From cselib we have these details of the two involved VALUEs:

(value:DI 8:12039 @0x1b9ef68/0x1b55410)
 locs:
  from insn 43 (reg/v/f:DI 2 cx [orig:63 q ] [63])
  from insn 43 (plus:DI (value:DI 5:7965 @0x1b9ef20/0x1b55380)
            (const_int 8 [0x8]))

(value:DI 2:4059 @0x1b9eed8/0x1b552f0)
 locs:
  from insn 352 (reg/f:DI 6 bp)
  from insn 351 (plus:DI (value:DI 1:1 @0x1b9eec0/0x1b552c0)
            (const_int -8 [0xfffffffffffffff8]))

That is, value 2 is bp-based (or value 1) based, and value 8 is value 5 based,
which itself is:

(value:DI 5:7965 @0x1b9ef20/0x1b55380)
 locs:
  from insn 353 (reg/f:DI 7 sp)
  from insn 353 (plus:DI (value:DI 2:4059 @0x1b9eed8/0x1b552f0)
            (const_int -160 [0xffffffffffffff60]))

I.e. value 5 (and hence 8) is value 2 based (like the other mem), or sp based.

Now, find_base_term() for [bp-8] will return "(address:DI -4)", which comes from
the REG_BASE_VALUE of the (reg/f:DI 6 bp).

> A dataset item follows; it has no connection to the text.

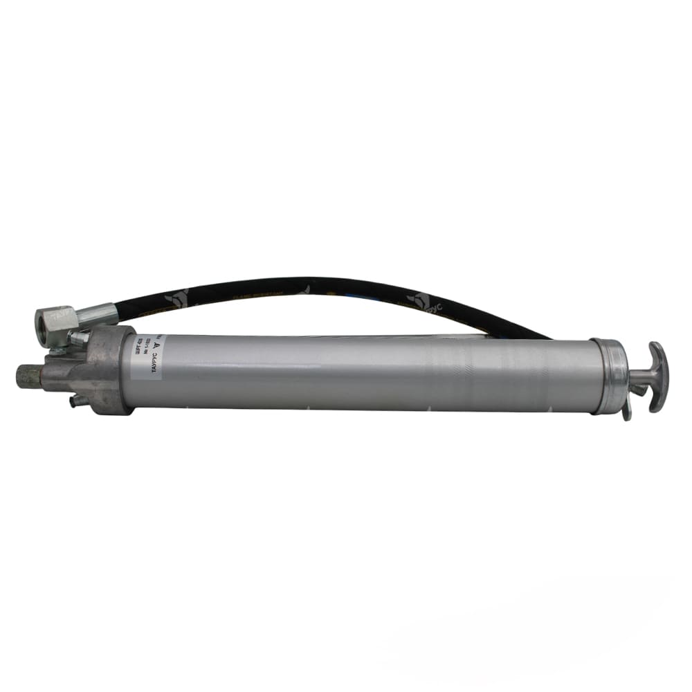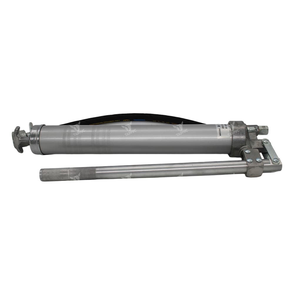 При возврате рычага 9 в исходное положение, плунжер 3 перемещается в противоположную сторону, вытесняя смазку, через обратный шариковый клапан 2 в шланг 1 с наконечником 5 (для монтажа на масленку или тавотницу), к смазываемой точке.

find_base_term ([cx+144]) otoh will go via value 8 to value 5, from there
to REG_BASE_VALUE([sp]), which returns "(address:DI -1)".  If find_base_term
would skip the first loc ("sp") and try to look into the second loc (val 2)
it would also return (address:DI -4).

Now, two ADDRESS rtxes that aren't pointer-equal aren't equivalent, and hence
the disambiguator thinks that the two mems cannot point into the same memory.

Obviously the problem is some confusion in setting up REG_BASE_VALUE for
sp and bp.  When we have a frame pointer then both should have the same base,
not different ones.
Comment 2 Michael Matz 2012-06-17 15:36:19 UTC
Or alternatively cselib doesn't respect one invariant in constructing the
locations of its VALUEs.  As seen above it constructs two values for the same
memory area, one referring to stack pointer, the other to (hard) frame pointer.

But alias.c explains:

     2. stack_pointer_rtx, frame_pointer_rtx, hard_frame_pointer_rtx
        (if distinct from frame_pointer_rtx) and arg_pointer_rtx.
        Each of these rtxes has a separate ADDRESS associated with it,
        each with a negative id.

        GCC is (and is required to be) precise in which register it
        chooses to access a particular region of stack.  We can therefore
        assume that accesses based on one of these rtxes do not alias
        accesses based on another of these rtxes.

Note the last paragraph.  The RTL instructions themself respect this invariant
(there are no accesses via [sp], only via [bp] or derived values).  But the
cselib values don't.  I'd say value 5 (the one referring to sp and value 2)
is the broken one.  It should only refer to value 2.
Comment 3 Jorn Wolfgang Rennecke 2013-07-30 13:37:20 UTC
(In reply to Zdenek Sojka from comment #0)
> Created attachment 27640 [details]
> reduced testcase (from testsuite/gcc.c-torture/execute/loop-2e.c)
> 
> GCC 4.3-4.8 fails, while with GCC 4.2, the code is reduced just to return 0.
> I am not sure if this should be marked as a regression.
> 
> Compiler output:
> $ gcc -O2 -fno-omit-frame-pointer -fpeel-loops -fsched2-use-superblocks
> -fno-tree-loop-optimize -fno-web --param=max-completely-peel-times=256
> testcase.c
> $ ./a.out
> Aborted
> 
> Looking at the assembly:
> ...
> 	sub	rsp, 320	#,
> 	mov	rdx, QWORD PTR p[rip]	# p.0, p
> 	lea	rcx, [rbp-320]	# q,
> ...
> 	mov	QWORD PTR [rcx+240], rdi	# *q_19, tmp73
> 	lea	rax, [rdx+144]	# tmp73,
> 	lea	rsi, [rdx+148]	# tmp73,
> 	lea	rdi, [rdx+152]	# tmp73,
> 	lea	rdx, [rdx+156]	# tmp73,
> 	cmp	QWORD PTR [rbp-8], rdx	# q, tmp73
> 	mov	QWORD PTR [rcx+280], rax	# *q_19, tmp73
> 	mov	QWORD PTR [rcx+248], r8	# *q_19, tmp73
> 	mov	QWORD PTR [rcx+256], r9	# *q_19, tmp73
> 	mov	QWORD PTR [rcx+264], r10	# *q_19, tmp73
> 	mov	QWORD PTR [rcx+272], r11	# *q_19, tmp73
> 	mov	QWORD PTR [rcx+288], rsi	# *q_19, tmp73
> 	mov	QWORD PTR [rcx+296], rdi	# *q_19, tmp73
> 	mov	QWORD PTR [rcx+304], rdx	# *q_19, tmp73
> 	jne	.L46	#,
> ...
> It seems the dependency between storing to *q++ (esp. q[39]) in foo() and
> verifying it in main() is lost. Furthermore, it seems q[39] ([rcx+312]) is
> not stored to at all.

I can't reproduce the unrolling with an i686-pc-linux-gnu X x86_64-pc-linux-gnu
compiler, neither for 4.8.2 20130729 (prerelease) , nor for 4.9.0 20130729 (experimental) sources.

Is that an issuse with the cross-compiler, or with the compiler version?